Try it.
Transcribe exactly the lines below that begin at the line with "A louer à l’année" and stop after the line with "Die Stadtkapelle Münsingen", leaving out every picture.

[[ Exercise data open ]]

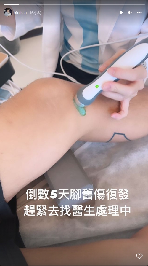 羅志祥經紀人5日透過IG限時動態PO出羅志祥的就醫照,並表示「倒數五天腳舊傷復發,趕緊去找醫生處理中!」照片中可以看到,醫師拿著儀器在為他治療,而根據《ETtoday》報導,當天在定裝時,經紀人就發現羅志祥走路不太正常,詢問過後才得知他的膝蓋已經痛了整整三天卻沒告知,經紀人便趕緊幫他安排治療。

[[ Exercise data closed ]]
[[ Exercise data open ]]

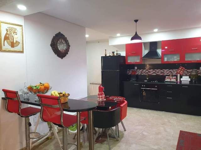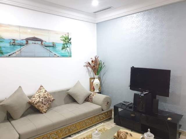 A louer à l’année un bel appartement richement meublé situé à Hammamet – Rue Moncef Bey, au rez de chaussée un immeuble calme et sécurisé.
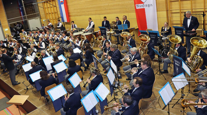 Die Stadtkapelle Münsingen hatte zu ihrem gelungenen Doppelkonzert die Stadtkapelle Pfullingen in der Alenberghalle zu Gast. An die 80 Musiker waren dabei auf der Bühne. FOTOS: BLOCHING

[[ Exercise data closed ]]
[[ Exercise data open ]]

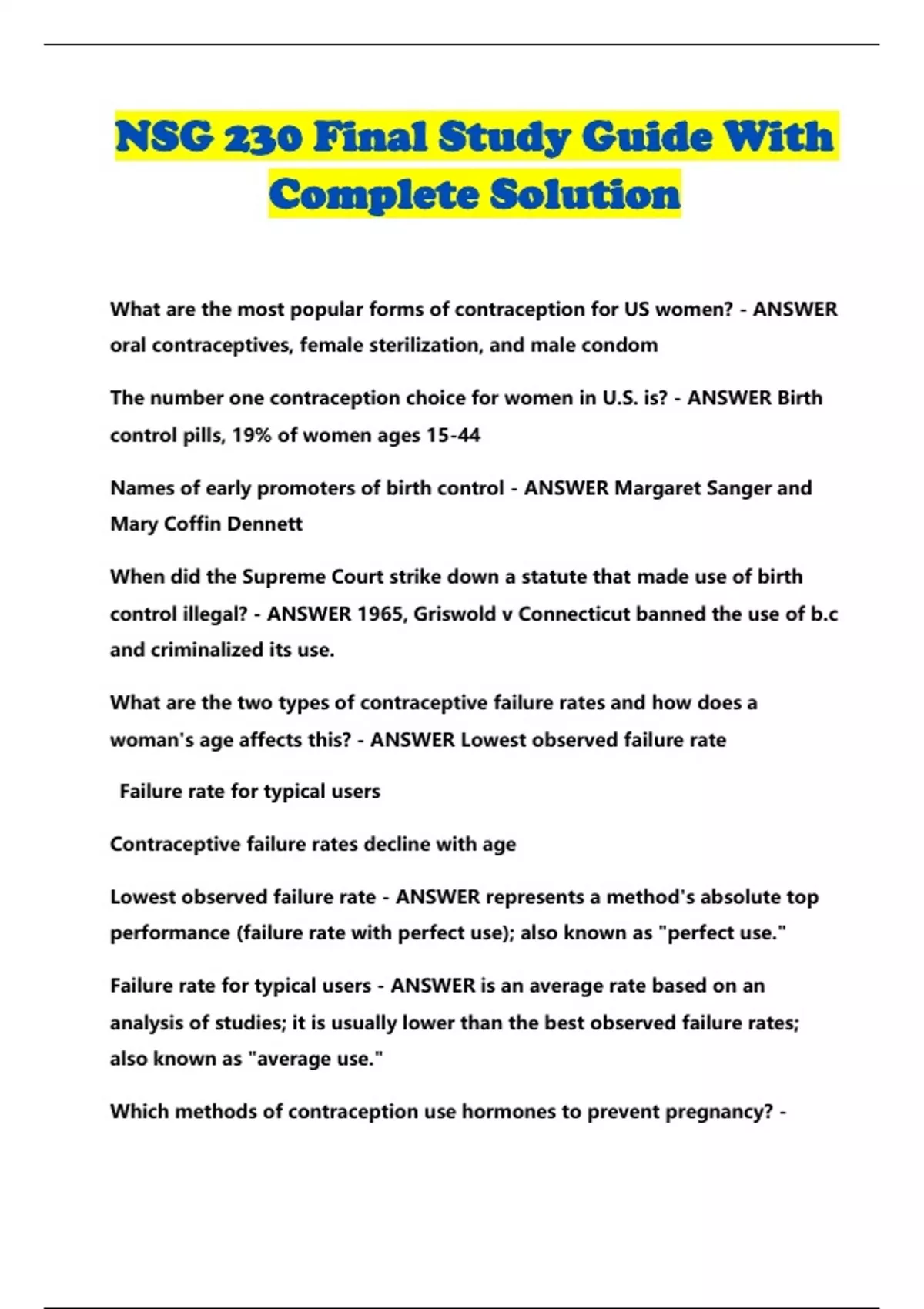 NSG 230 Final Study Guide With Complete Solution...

[[ Exercise data closed ]]

Answer for this exercise.
 A louer à l’année un bel appartement richement meublé situé à Hammamet – Rue Moncef Bey, au rez de chaussée un immeuble calme et sécurisé.
 Die Stadtkapelle Münsingen hatte zu ihrem gelungenen Doppelkonzert die Stadtkapelle Pfullingen in der Alenberghalle zu Gast. An die 80 Musiker waren dabei auf der Bühne. FOTOS: BLOCHING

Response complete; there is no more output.